What's the occupancy of the big center room? I thought anything big enough to require multiple exits had to have latching doors, too. If they do latch, then adding locks and panic hardware hopefully wouldn't be too hard. And, while you can appeal to the AHJ to get a ruling, the truth is that if you and your boss aren't comfortable with it, that's a good enough reason to say no.


----------



## BillConnerFASTC

Requirements for latching doors has to do with a fire rated door (and wall). The arrangement - bast as I can fathom it - might not require fire rated separation.

I don't know but would guess that exit hardware - what a panic bar is - would run around $500/leaf installed. The bigger problem is if the doors are fire rated, adding hardware is tricky as the hardware must have been tested with the actual door. Technically, just changing a hinge or push plate can be quite difficult.

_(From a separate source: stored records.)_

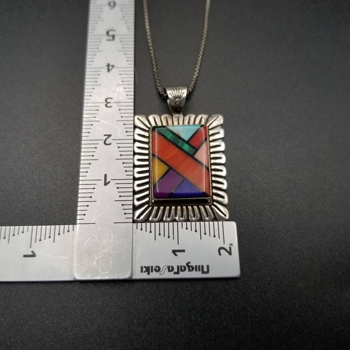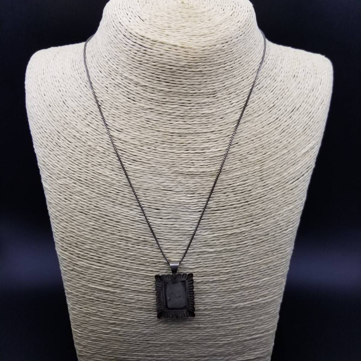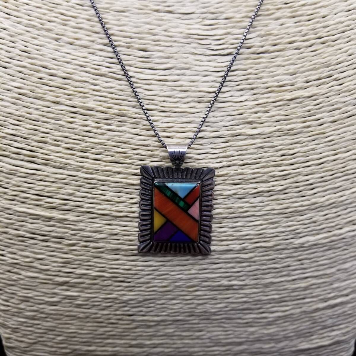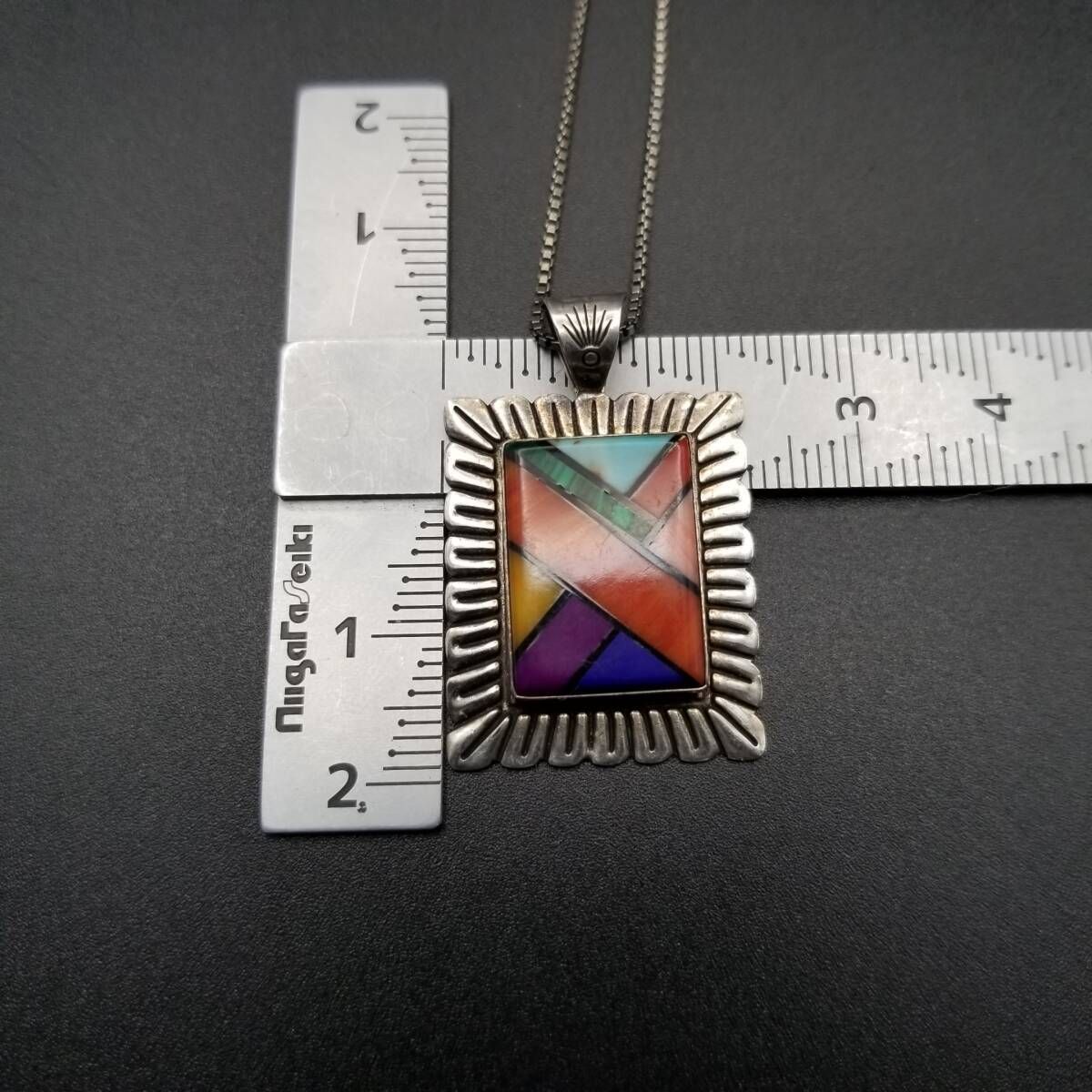 Quoc Turquoise Inc. Q.T モザイク柄 長方形フレーム 925 シルバー ヴィンテージ ペンダント ネックレス マルチストーン Y18-V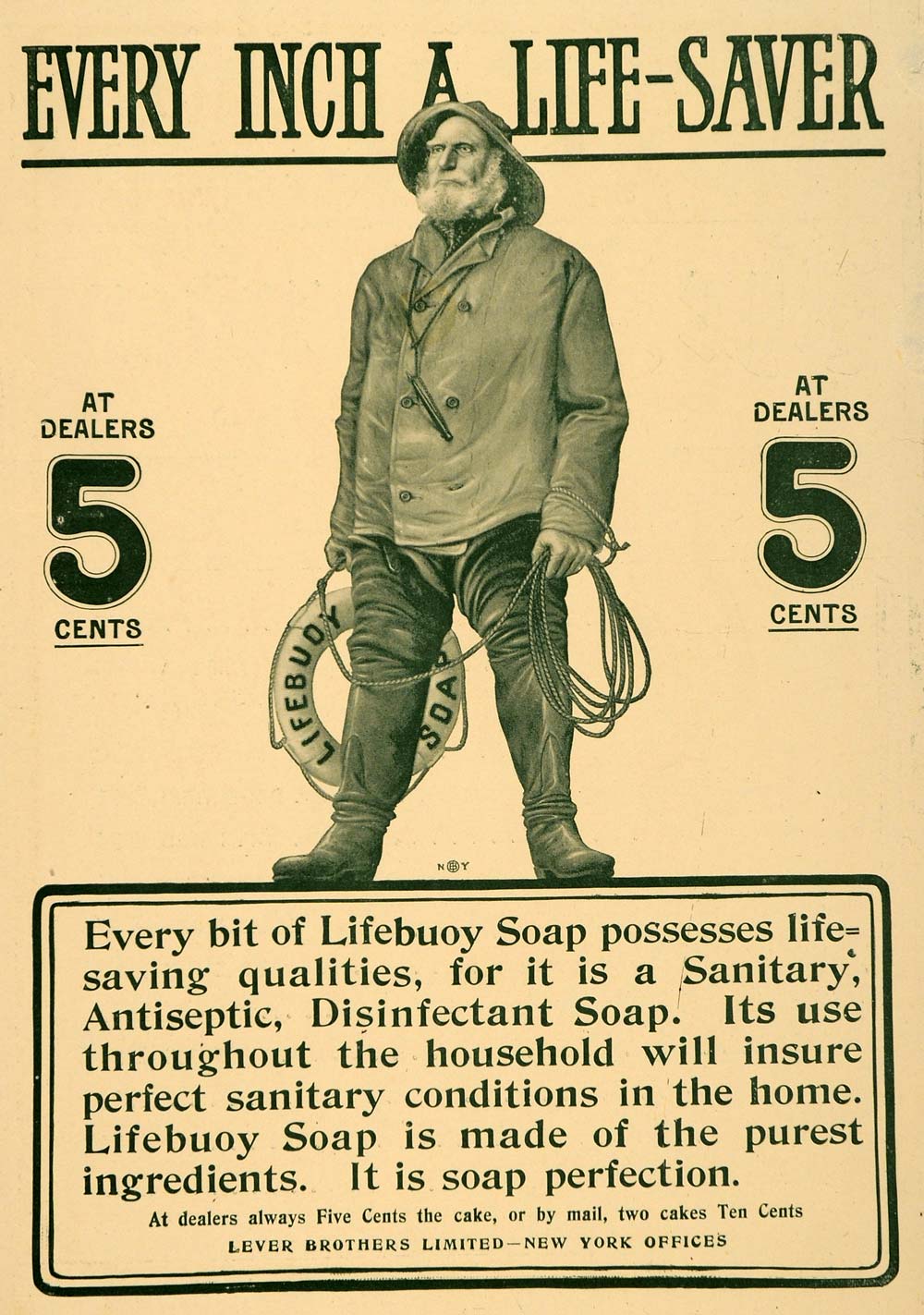 This is an original 1902 color print ad for Lifebuoy Soap from Lever Brother Limited located in New York. This ad shows a fisherman with a life saver, ready to help when the time comes.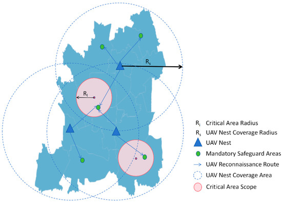 (7) indicates that there are at least two UAV nests available for reconnaissance coverage of the mandatory safeguard area center points for critical areas, and at least one UAV nest available for reconnaissance coverage of the mandatory safeguard area center points for general areas.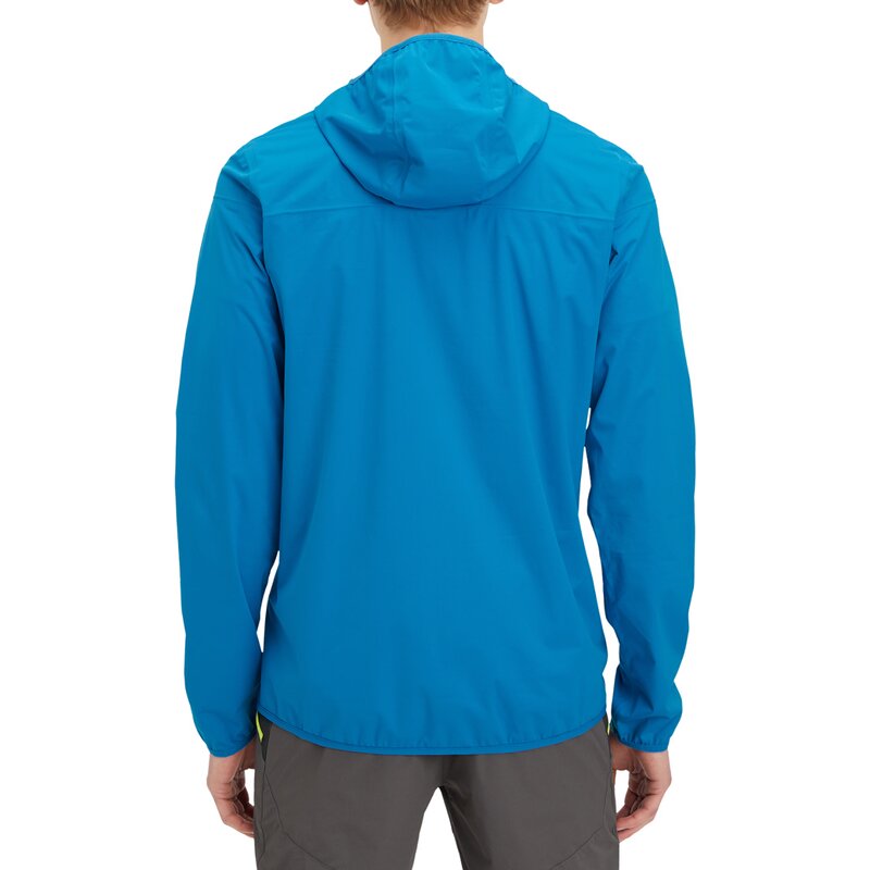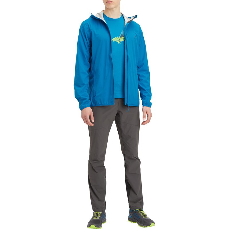 С функциональной курткой Pelmy из серии McKINLEY's GREEN SERIES вы будете идеально экипированы для активного отдыха на природе. Высокоэластичный, прочный и дышащий 2,5-слойный ламинат AQUAMAX с водонепроницаемостью 10 000 мм водяного столба гарантирует это. Функциональное волокно S.CAFÉ с экстрактом кофе эффективно устраняет запахи, а прикреплённый капюшон защищает от сквозняков. Куртка легко помещается в собственный карман и очень лёгкая, весит всего 250 г (размер M). - Эластичные манжеты из лайкры

If the wall and openings between this room and the corridor is not rated, deadbolts and signage is probably the simplest way to go.

I'm still struggling with this arrangement and the corridor around the room. Are there or were there movable partitions to divide the large space into multiple smaller spaces?


----------



## marmer

Yeah, exactly. In my building any room big enough to hold several vendor tables is going to have fire rated walls and doors. And besides, everyone who's ever been in a public school knows you don't lock a fire door with zip ties, you do it with a chain and lock! ;-) Just kidding, of course, but we've all seen it.


----------



## StradivariusBone

So here's a very rough guide of the floorplan. The highlighted doors are ones that were zip-tied. This did include the kitchen, though there is direct egress in the cooking area as well as the dining area inside there. There is a door to the control booth from the hallway (however, it's not separated from the main room by anything more than a half wall). The door to the booth does have a dead bolt on it that remains locked at all times, except when the booth is occupied. The doors leading into the big space in the middle all are fire doors, but there are no locking mechanisms attached. They are push open doors with automatic closers. Capacity for this room is around 320-350 (I don't remember the exact number). 

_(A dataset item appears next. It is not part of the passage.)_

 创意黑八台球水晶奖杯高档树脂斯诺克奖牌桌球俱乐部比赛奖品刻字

The offices and classrooms all have separate rooms within them. The room I didn't label behind SR is the green room library. None of the doors behind the stage had zip ties, but all are single doors that lock. The hallways all have egress points at each corner. This building does connect to another two-story building behind it (see top left).

So here's the big question- how to make this room secure without breaching fire code and spending the least amount of money. By spending the least amount of money I don't imply that I'm hoping to "go cheap", but I've seen too many instances of people throwing money at a problem, making more problems and then throwing more money until it goes away. 

Again, not trying to start a fight with anyone here or get anyone into trouble. I'm trying to avoid giving away the identity of the venue for this reason, but at this point I do feel I should let you know that it is a house of worship. In any event, I'm trying to find an equitable and most importantly safe solution. 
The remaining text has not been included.